EXERCISE PROMPT: Pictures excluded, return the lines below from the first through the line holding "Это заключение согласуется".

DATASET EXCERPT:
^^^^^^^^

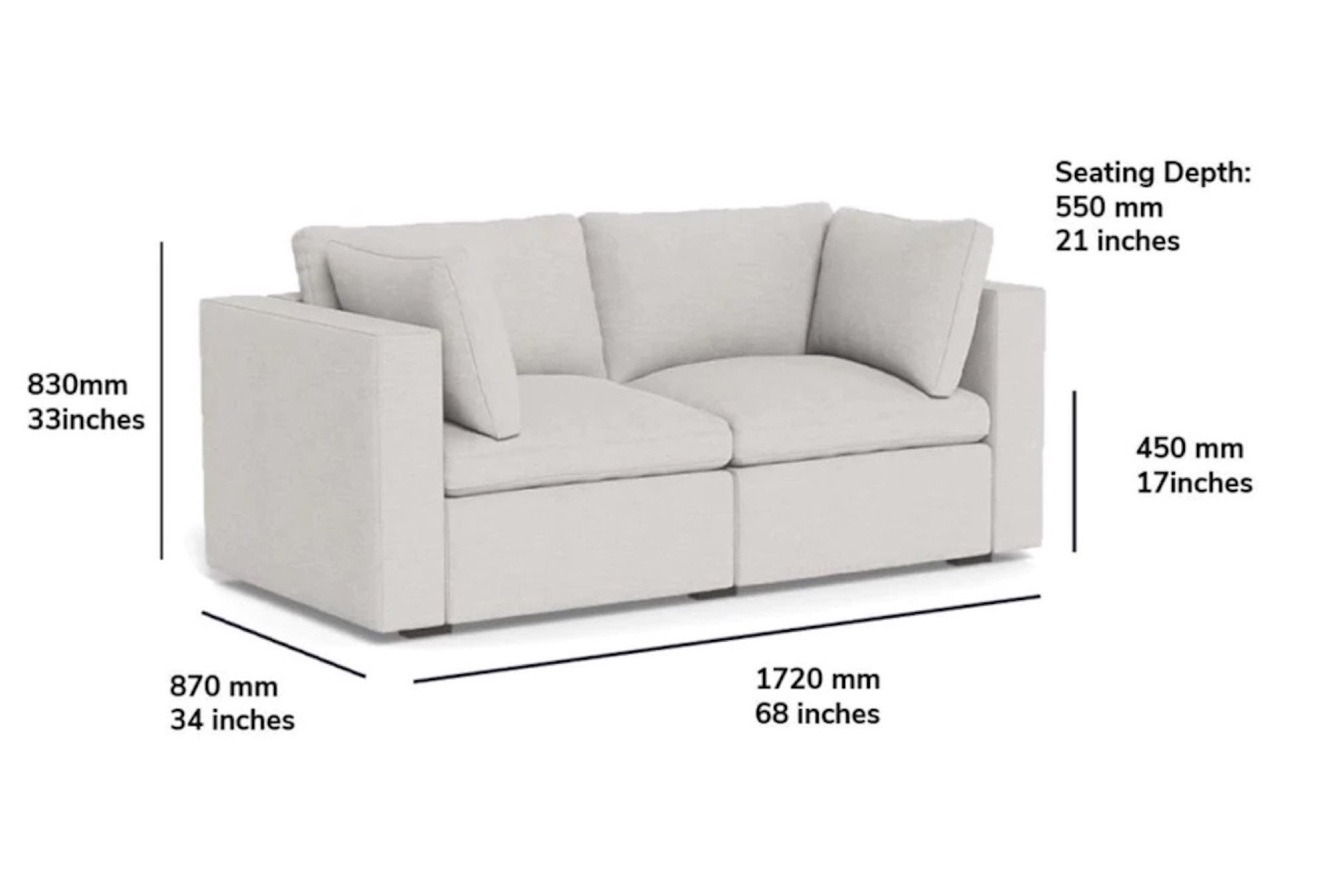 Dimensions: 68" W x 33" H x 34" D
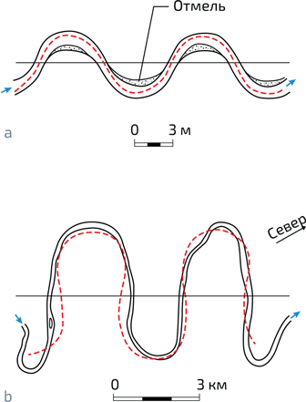 Это заключение согласуется с ранее проведенными лабораторными экспериментами, в которых моделировался процесс эволюции русла реки «в идеальных условиях». Оказалось, что в изначально прямолинейном русле очень быстро образуются меандры, хорошо описываемые кривой Эйлера (илл. 8a). Очевидно, что в природе поведение русла реки существенно сложнее «лабораторного» русла (например, из-за неровной местности). И все же подобные структуры, обычно периодические, возникают естественным образом, когда река течет по равнине (илл. 8b). Как правило, чем шире река, тем больше на ней излучин.
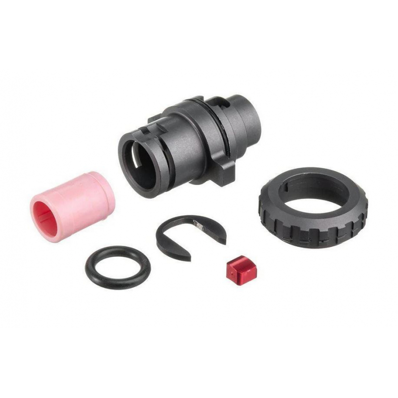 With a precise construction from CNC-machined aluminum, this chamber provides excellent durability and longevity. The hop-up pressure is adjusted via a large dial ring, ensuring secure fixation for stable accuracy. The aluminum pressing segment ensures uniform contact with the BB, resulting in greater range and reduced deviation. For optimal results, it is recommended to use Maple Leaf HOT SHOT GHK, COOL SHOT GHK, and WONDER buckings, which can be installed without additional modifications. For other GBB/VSR buckings, the positioning ridge on the side of the bucking must be removed for proper fitting.

^^^^^^^^

EXERCISE OUTPUT:
 Dimensions: 68" W x 33" H x 34" D
 Это заключение согласуется с ранее проведенными лабораторными экспериментами, в которых моделировался процесс эволюции русла реки «в идеальных условиях». Оказалось, что в изначально прямолинейном русле очень быстро образуются меандры, хорошо описываемые кривой Эйлера (илл. 8a). Очевидно, что в природе поведение русла реки существенно сложнее «лабораторного» русла (например, из-за неровной местности). И все же подобные структуры, обычно периодические, возникают естественным образом, когда река течет по равнине (илл. 8b). Как правило, чем шире река, тем больше на ней излучин.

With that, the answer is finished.